(5/25) While a proposed townhouse development could benefit the town, Thurmont planning officials have concerns over requests from the developer.
The project, River Run Farms, would create 24 townhouses on South Carroll Street. Officials said the area was zoned R-5 for dense development to promote building within the town, rather than growth around the municipality.
River Run Farms is asking the town to give a variance on road width to part of the street, which would be maintained by the homeowners association. A bridge section of the road would be maintained by the town and meet the width requirements.
Denis Superczynski, principal planner for the Frederick County Community Development Division, said the developer said it would need a variance from the 32-foot street requirement to only 20 feet and no curb or gutter and no street lighting. Superczynski said his impression was that without the variance, the project would not be a viable venture for the developer.
The developer, which had no representative at the town's planning meeting Thursday night, said in the request that future development around the site could pay for the required lighting, road width and curb-gutter placements.
"It gives the town a good way for development within the town, without annexation, but there are still some issues," Superczynski told the planning commission members.

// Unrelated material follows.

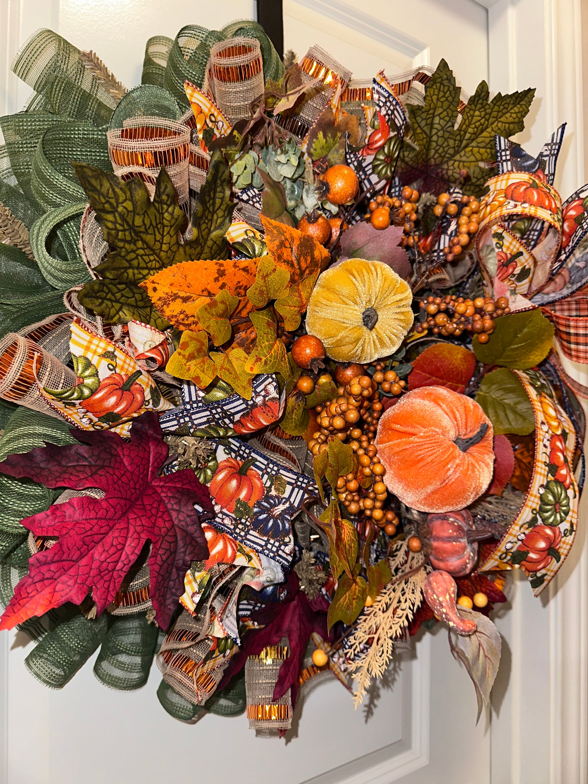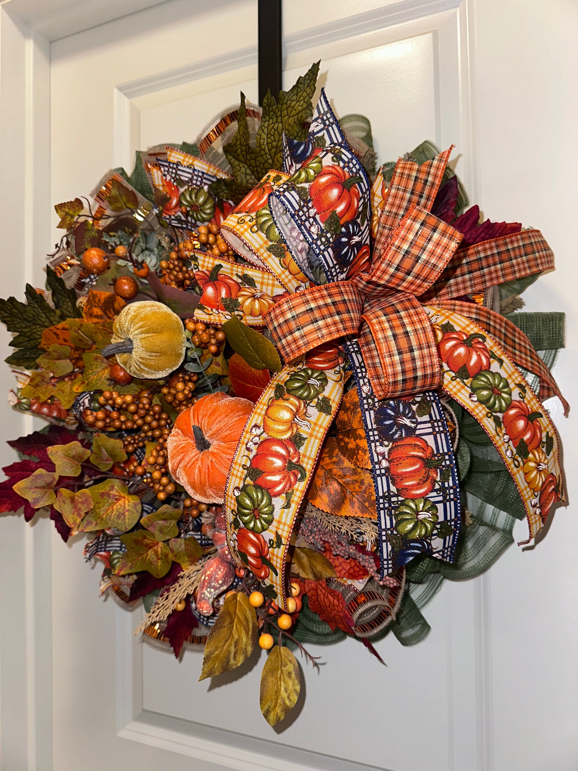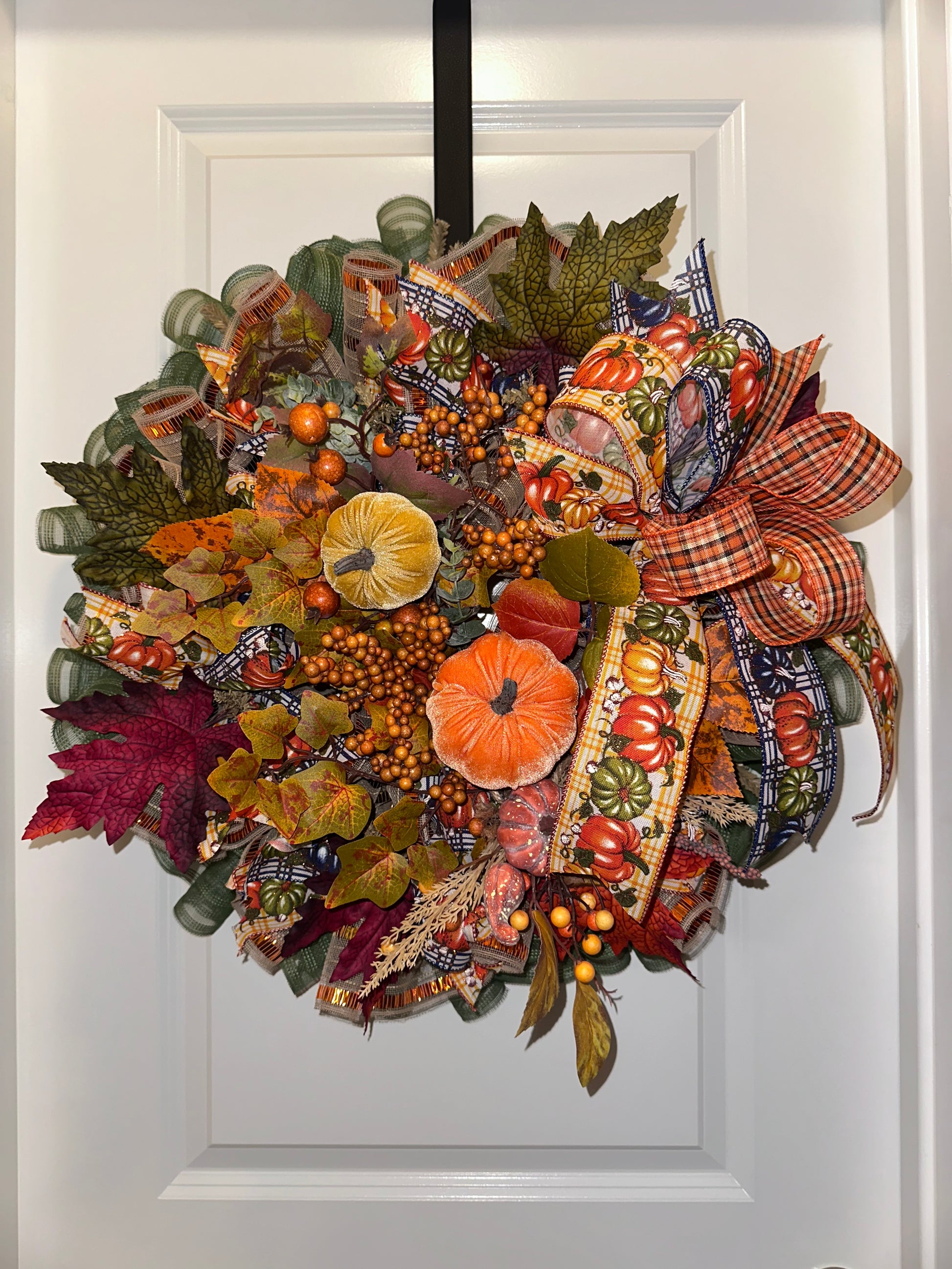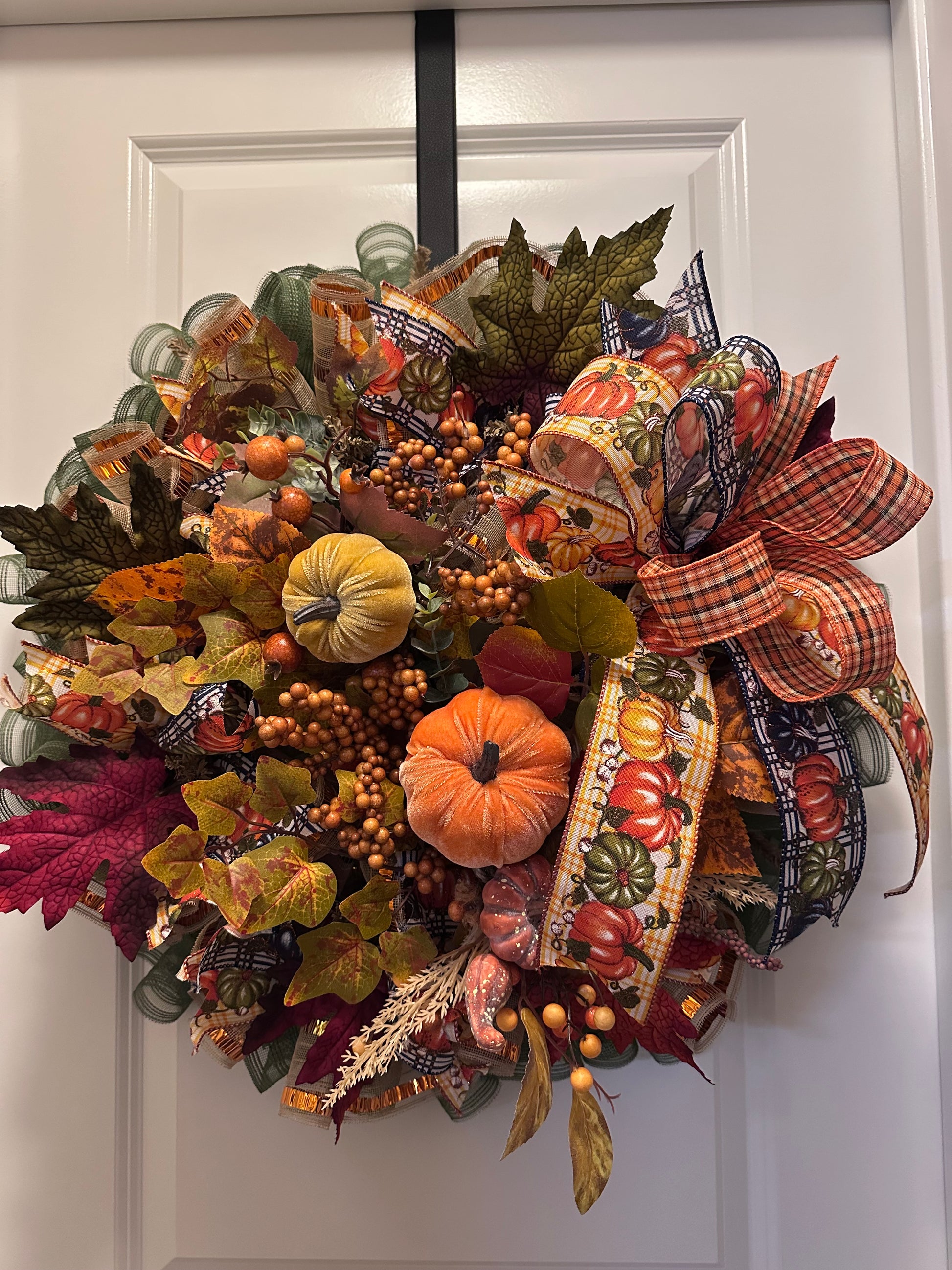 Celebrate the beauty of the season with this expertly crafted Fall/Thanksgiving wreath. Featuring rich autumnal tones and natural elements, it adds a warm, inviting touch to your home décor. Perfect for welcoming guests, this wreath enhances your entryway or living space with seasonal charm while embodying the spirit of gratitude and harvest. Durable and designed for easy hanging, it offers a timeless decoration to enjoy year after year.

"If they (the developer) can't do it within the town requirements, it may not be a viable project," said commission member Wayne Martin. Noting that he had sold homes as a Realtor in Lake Linganore, Martin pointed to the problems in that community, where variances were given to narrower roads and other construction, only to end up as costly upgrades later on.
"I am pro-growth, but we need to do it right," Martin said. "Some of this scares me."
"We need to do it right, or not at all," said commission member Sabrina Massett.
Commission Chairman Randy Cubbedge said the town might be able to work out the road width, as long as it was sufficient for fire and rescue vehicles to reach the townhouses when built.
"But the lighting, curb and gutter should be in place. There is no concept here for stormwater, and I don't want the water running into the creek," Cubbedge said.
Superczynski said the commission needed an "airtight" decision as it could be setting a precedent for other development if such variances were allowed.
Massett said if the cost of the lighting and other features were added later, it could make existing residents in that section of town "casualties of the development" if a special tax were imposed on them to pay for those upgrades.
Superczynski said he would relay the commissions' comments to the developer.
"The waiver (request for variances) is on the June (28) agenda for the commission. The developer may come in or withdraw the project from discussion at that meeting," Superczynski said.